Court of Appeals of Ohio, Sixth District, Ottawa County
Mar 17, 2000
Court of Appeals No. OT-99-064. Trial Court No. CVI-99-0043 (Ohio Ct. App. Mar. 17, 2000)

Summary

holding that "[a]n express contract and an implied contract cannot exist for the same thing at the same time."

Summary of this case from Champion Contracting v. Valley City Post

Opinion

Court of Appeals No. OT-99-064. Trial Court No. CVI-99-0043.

Decided March 17, 2000

Duffield E. Milkie, for appellant.


DECISION AND JUDGMENT ENTRY


This case is before the court as an accelerated appeal from a judgment of the Ottawa County Municipal Court, which found that plaintiff-appellant, Jeffrey B. Bumbera, breached an oral contract and entered judgment in favor of defendant-appellee, Brenda Hollensen. Appellant asserts the following error occurred in the proceedings below:

"The Trial Court committed error when it failed to make a determination and award of the fair market value (Quantum Meruit) of the Appellant's work where Appellant conferred a substantial benefit to the Appellee and otherwise substantially performed under the contract."

Appellant is a commercial artist who owns a small design business in Marblehead, Ottawa County, Ohio. He also owns a piece of commercial property that he leased to appellee for the purpose of opening a craft/gift shop. Appellee wanted to place some signs containing the shop's name and logo on appellant's building. Because he preferred to have his designs on the building, appellant offered to create the logo desired by appellee and to make the signs. In return, appellee agreed to paint the building using paint purchased by appellant.

Appellant, using appellee's suggestions, designed the logo and made the signs for appellee. Over the next two years, appellee used the signs at the site of her gift shop. The logo was also used on business cards and in advertisements. However, appellee never painted the building.

According to appellee, she opened her shop at the beginning of March and over the course of the next six months asked appellant on six occasions as to whether he was ready to have the building painted. She stated that each time the painting job was discussed, appellant said that he could not afford to purchase the paint. Finally, in August, he told her to purchase the paint and that he would reimburse her. Appellee testified that she then realized that she probably would not be reimbursed; therefore, she did not agree to purchase the paint. Appellant conceded that he told appellee to "hold off" on painting. He further acknowledged that he asked her to purchase the paint and that he would reimburse her for it.

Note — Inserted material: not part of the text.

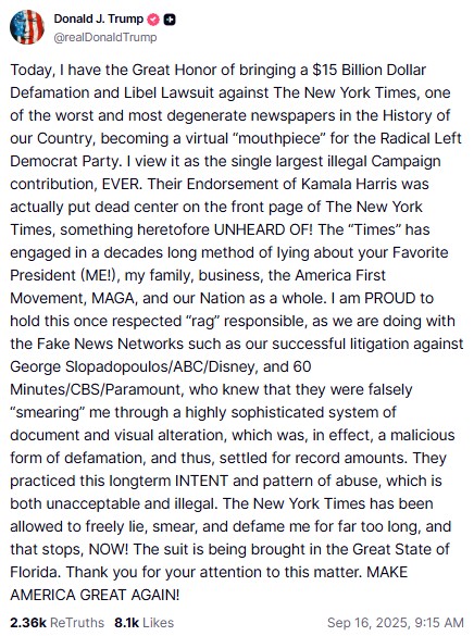 डोनाल्ड ट्रंप ने सोशल मीडिया पर पोस्ट शेयर करते हुए लिखा, "आज द न्यूयॉर्क टाइम्स के खिलाफ 15 बिलियन डॉलर का मानहानि का मुकदमा किया है। ये अमेरिका के सबसे घटिया अखबारों में से एक है, जो अब रेडिकल डेमोक्रैट पार्टी का वर्चुअल माउथपीस बन गया है।"

Approximately eighteen months later, appellee moved her business to a different location, taking the signs with her. After she notified appellant of her decision to move, appellant sent her bills, totaling $1,495, for the cost of designing, making and installing the signs. He subsequently commenced the instant action in the Small Claims Division of the Ottawa County Municipal Court, seeking $3,000 damages for a breach of the oral contract.

After a hearing, the magistrate determined that appellant attempted to modify the oral contract by having appellee purchase the paint. He stated that appellee rejected the offer to modify and found that appellant breached the contract by failing to supply appellee with the paint. Appellant filed objections to the referee's report. The municipal court overruled the objections and adopted the decision of the magistrate. This appeal followed.

In his sole assignment of error, appellant presents two arguments. First, he argues that he substantially performed under the contract and is therefore entitled to recover the contract price. He asserts that asking appellee to purchase and pick up the paint is only a slight deviation from the contract terms which did not relieve her of her obligation to paint appellant's building. We find that there was some competent, credible evidence offered to support the trial court's finding of breach of contract. C.E. Morris Co. v. Foley Construction Co. (1978), 54 Ohio St.2d 279, syllabus.

The undisputed terms of the parties' contract imposed an obligation on appellant to (1) make two signs and (2) provide appellee with the paint to paint the building on the leased premises. Under the terms of this contract, appellee had to furnish the labor to paint the building. We agree with the trial court in finding that the oral contract was not modified by the parties. See Nagle Heating Air Conditioning v. Heskett (1990), 66 Ohio App.3d 547, 550 (the modification must be mutually assented to by the parties). Thus, the issue is whether appellant substantially complied with the terms of that contract so that he cannot be found to have breached the contract.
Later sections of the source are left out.